The Pound to Dollar exchange rate held close to two-week highs around 1.3340 as investors kept reassessing the US dollar after last week’s disappointing labour market report. Sterling had hit 2-week highs around 1.3380 last week before settling lower on Monday.
Weak payrolls shift the dollar view
The soft jobs data has tempered expectations of further Federal Reserve rate hikes, though the dollar stays supported by relatively high US yields and firm investor demand. The increase in non-farm payrolls was held to 57,000, against expectations of around 115,000, alongside a big drop in the workforce.

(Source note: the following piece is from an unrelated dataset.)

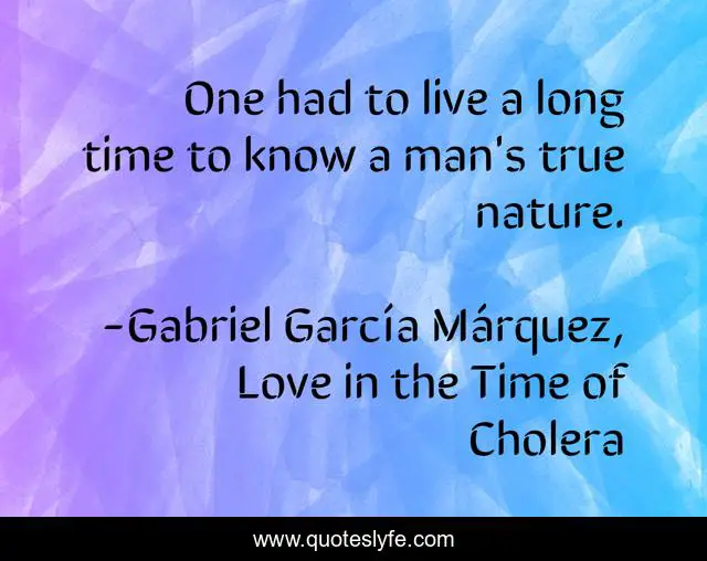 This page presents the quote "One had to live a long time to know a man's true nature.". Author of this quote is Gabriel García Márquez, Love in the Time of Cholera. This quote is about nature, knowledge, man, personality,.
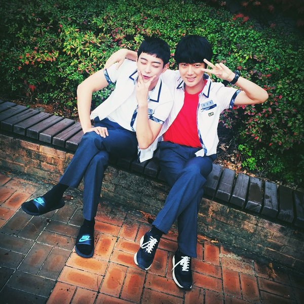 • SUPER JUNIORのイェソンと俳優ヒョヌが、ドラマ「錐」の撮影中に高校生に扮した姿を公開した。写真:イェソンのツイッター

Analysts read the shift differently. According to CurrencyNews, City Index strategist David Scutt said the risk-reward had changed: “The risk-reward is no longer as one-sided as it was only a week ago.” SocGen, by contrast, stays positive on the dollar, expecting its strength to persist through the second half of the year. Pound influences stayed limited, with the 10-year bond yield edging down to 4.77% from 4.80% the week before.
Technical levels frame the range
On the charts, GBP/USD’s rally resumed after a brief retreat, with intraday bias back on the upside toward 1.3459 resistance. A firm break there would argue that the whole correction from 1.3867 has completed and target 1.3657 resistance for confirmation. On the downside, a move below 1.3327 minor support would turn the bias neutral again.
Continuum Economics flagged a similar picture, noting a sharp bounce to congestion resistance at 1.3400, where overbought daily stochastics are prompting consolidation near that resistance level. A break above 1.3400 could extend late-June gains toward congestion around 1.3450, with support down to 1.3300.
For the pound itself, forecasts stay contained: UoB sees a firm underlying tone, while CIBC expects GBP/USD held at 1.33 by the end of this year.